Daily 7:30 a.m.-5:30 p.m. Adults $1, vehicles $5.

Dalí Museum. Another short day trip, this one about an hour north in St. Petersburg, is to the Salvador Dalí Museum. Founded by an Ohio couple in 1982, it houses the world's largest collection of works by the surrealistic Spanish artist.

Even if you don't sign up for a guided tour, it is perfectly acceptable to tag along with one and pick up some insightful, often fascinating, information. The works include massive canvasses such as ''The Discovery of America by Christopher Columbus," ''The Hallucinogenic Toreador," and ''The Ecumenical Council," as well as sculptures like ''The Venus de Milo with Drawers" and such objects as ''The Lobster Telephone."

1000 3rd St. South

800-442-3254

www.salvadordalimuseum.org

Monday-Saturday 9:30 a.m.-5:30 p.m., Thursdays til 8, Sundays, noon-5:30. Adults $14, seniors $12, students $9, children 5-9 $3.50, under 5 free.

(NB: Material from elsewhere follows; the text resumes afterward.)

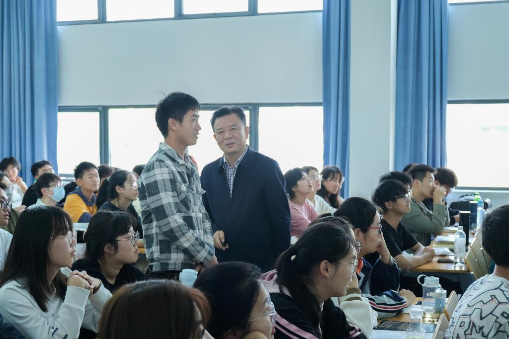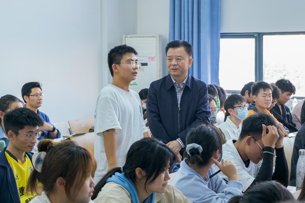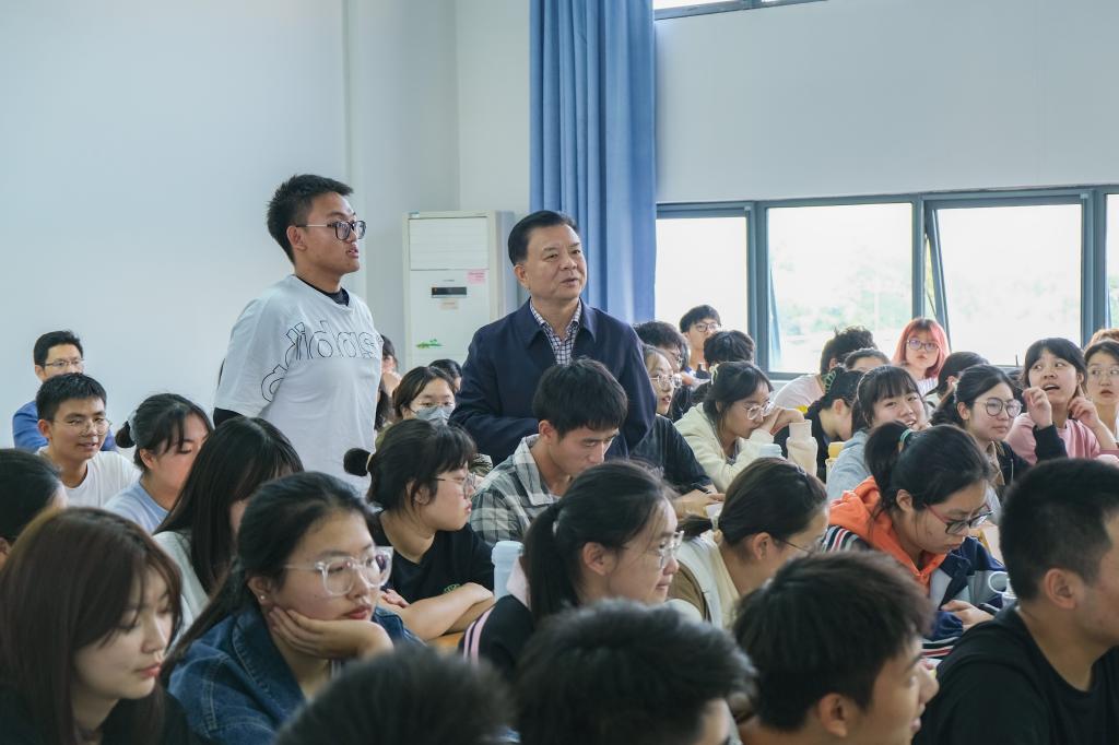 最后,姚江林介绍了张启发院士、傅廷栋院士、邓秀新院士等科学家科研报国故事。他借此向同学们提问“作为新时代的华农学子,应该如何为国家粮食安全做出自己的贡献?”“理论和实践相结合。”来自植生2202班的游宇回答道,“扎实学好专业知识的同时,借助学院‘三田三早实践平台,将所学知识运用到实践中,真正做到把论文写在大地上。”

Dry Dock Waterfront Grill. We were lucky enough to have a friend, a Sarasota-based marine biologist, who one brilliant morning took us out on the waters around Longboat Key to search for -- and find -- the bottlenose dolphins on whom he conducts research (and assigns names, such as Jimmy Durante). Stopping for lunch, he pulled his boat up to the Dry Dock Waterfront Grill on Longboat, which stretches narrowly for some 11 miles between the Gulf of Mexico and Sarasota Bay. You don't have to know a local scientist to enjoy the Dry Dock, a pleasant place with great views and wonderful food. Specialties include ''the best grouper sandwich on Florida's West Coast."

412 Gulf of Mexico Drive

941-383-0102

Monday-Saturday from 11 a.m.; Sunday from 4 p.m. Entrees $6-$20.

Cliff Terry is a freelance writer in Chicago.